The enduring charm of the Borgias

One of history’s most notorious families is returning to TV – this time with a class cast. Sarah Hughes has a preview…

Monday 21, March 2011

When in Rome: Jeremy Irons stars in the costume drama 'The Borgias' When in Rome: Jeremy Irons stars in the costume drama ‘The Borgias’.

As The Tudors rollicks towards its final episodes, complete with extra wheezing from Jonathan Rhys Myers as the declining Henry VIII, fans of ludicrous yet oddly addictive historical dramas are feeling a slow-burning sense of loss. How will we spend our Saturday nights now that Rhys Meyers, his incredible cheekbones and his distinctly odd way of Declaiming. Each. Sentence. As. Though. He. Was. Learning. To. Read. For. The. First. Time. are no longer with us?

Luckily there is hope on the horizon, for Showtime, the channel that originally commissioned The Tudors, is clearly aware that some of us can never have too much frippery, flouncing and fornication on our television shows, provided that is that they come accompanied with suitably ripe dialogue and the weight of history on their side.

So it is that the US cable channel has headed to 15th-century Rome for its latest drama, a new take on one of history’s most notorious families, the ambitious, murderous Borgias. On paper this is a brilliant idea with the potential for much mayhem, blood, guts, poisoning and heaving of breasts – and Showtime’s extended trailer for the new show, which begins in the US on 3 April before coming to Sky Atlantic in July, certainly plays up to the family’s reputation with rousing music, close-ups of a sorrowful yet sinister Jeremy Irons, the suggestion of dark deeds afoot, and the snappy tagline: “The Original Crime Family”.

So far, so satisfying. However, any new version of the Borgias raises an old spectre: will it be as bad as the infamous 1981 BBC adaptation, which was reckoned to have killed costume drama at the BBC for the best part of a decade?

That 10-part series was infamous for the graphic (for its time) nudity and violence and for a particularly memorable scene where half-naked actors crawled across the floor picking up chestnuts with their mouths. By the time the Vatican issued an edict condemning the BBC’s The Borgias the only question asked by anyone with any taste was what on earth took them so long?

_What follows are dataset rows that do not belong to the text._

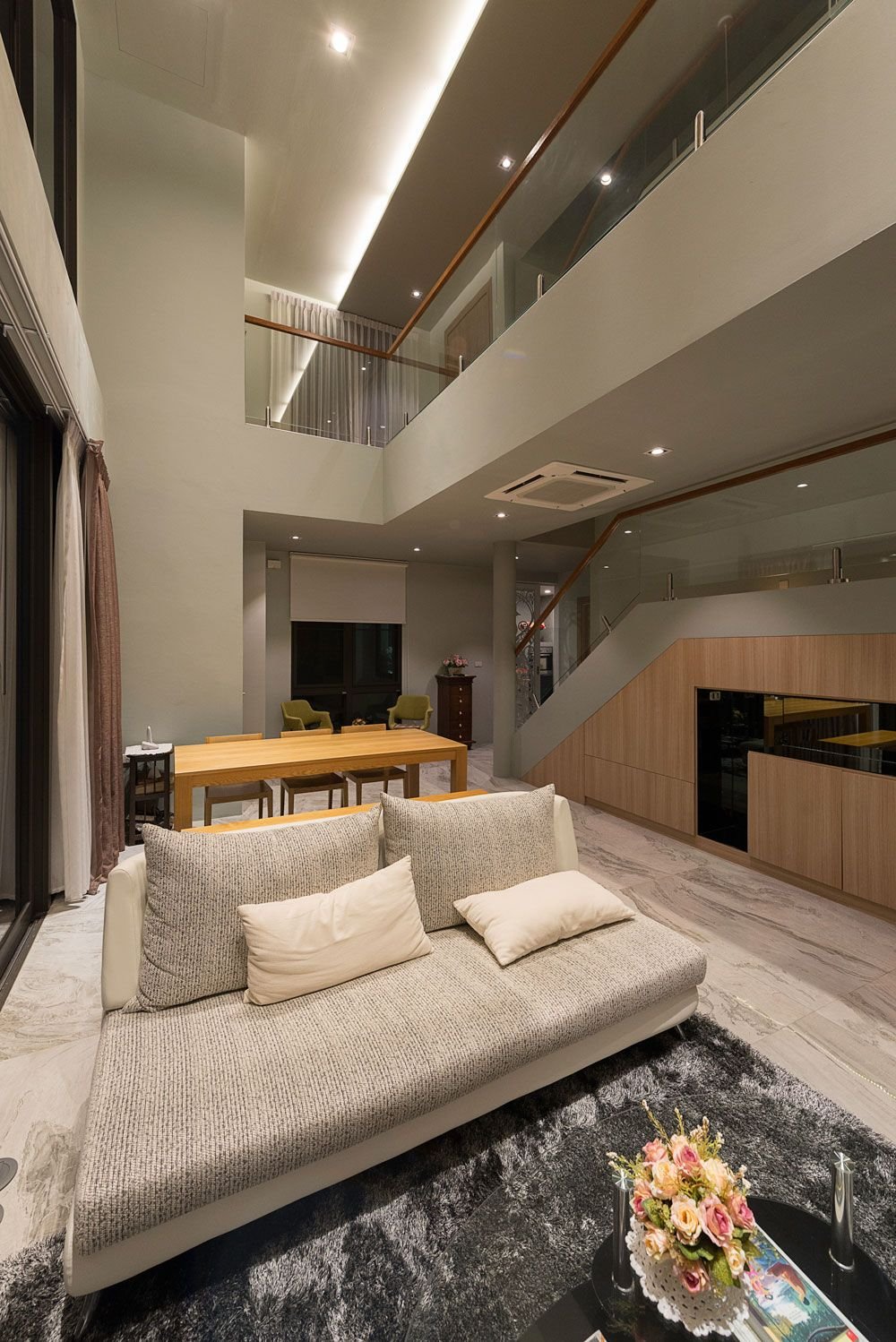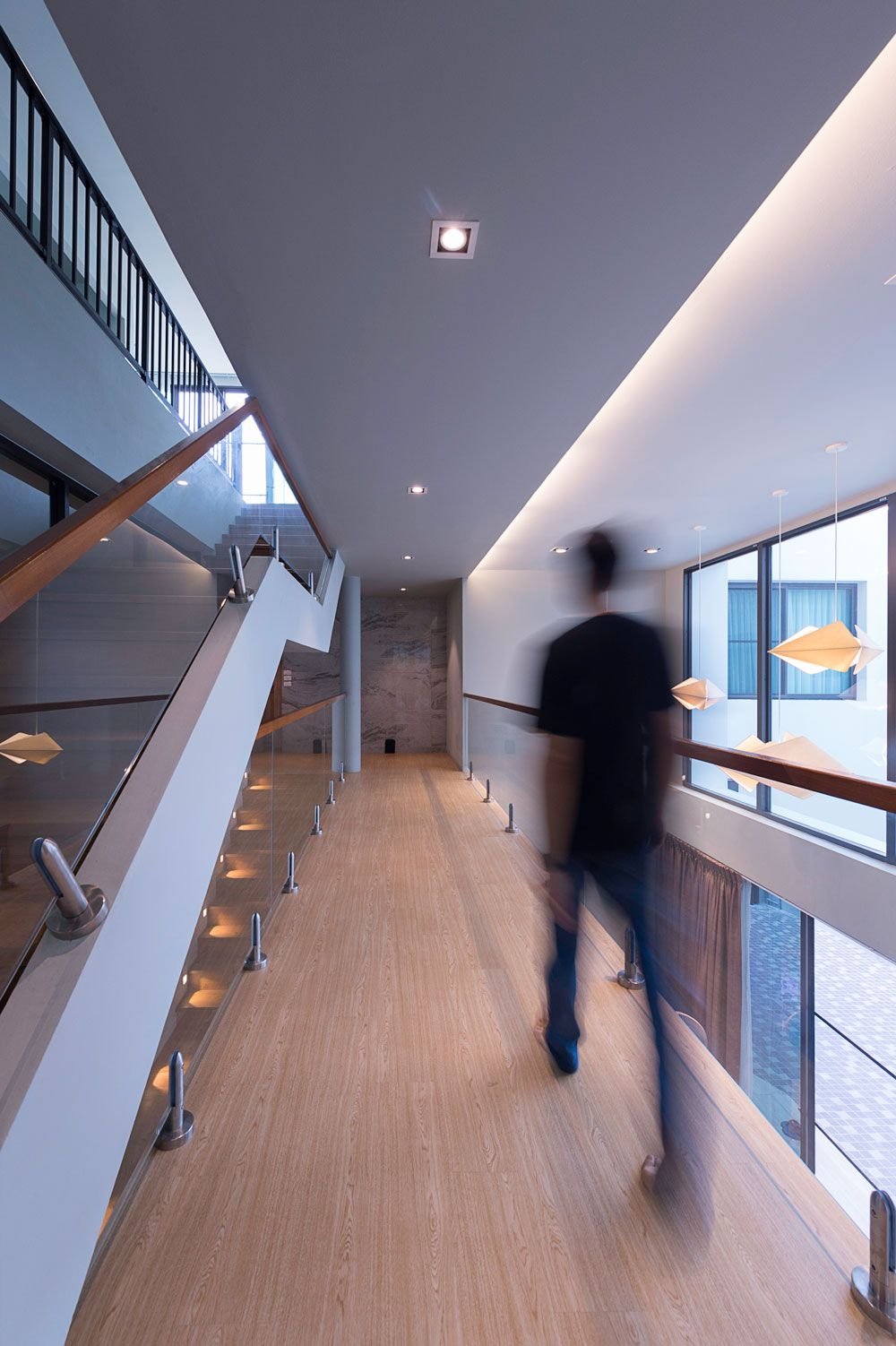 To bring natural light and good ventilation, the house is designed into a U-shaped building with a small central court that continues into the house, which creates a good atmosphere for living and dining areas. This space is two-storey height. There is a staircase from first to third floor and the open void from the second floor hallway to the living room on the ground floor that creates an open space that overlooking into the garden outside the house. This space allows air to flow into the house and bring natural light.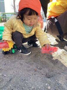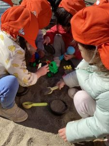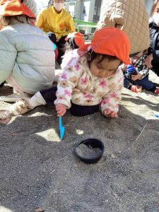 もも組🍑さんもスコップを使って上手に砂をすくい楽しんでいました。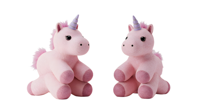 Pink unicorn plush toy with golden horn on transparent background

Thankfully, the new Borgias looks like it will actually be rather good. Jeremy Irons, who plays the power-crazed Cardinal Rodrigo Borgia later to become one of history’s most infamous Popes, has a whale of time. His Rodrigo, all hissing sibilants and subtle suggestions, wields his power quietly yet absolutely, more Godfather Part II-era Michael Corleone than Tony Soprano.

While Irons dominates, the rest of the cast, which includes Derek Jacobi and Colm Feore as Rodrigo’s rivals, Joanne Whalley as his principal mistress, Vanozza dei Cattanei, and a couple of brooding bruisers (François Arnaud and David Oakes) as his murderous sons Cesare and Juan Borgia, are no slouches and manage to sell some fairly baroque moments involving the campaign for the new Pope, which could easily teeter into Monty Python-esque parody.

That they don’t is also thanks to the involvement of the idiosyncratic Irish director Neil Jordan, who is the series’ co-creator and will direct the first two episodes. The Borgias is something of a pet project for Jordan who has been trying to make a film about the family, described as “The Godfather set in the Vatican” since 2000.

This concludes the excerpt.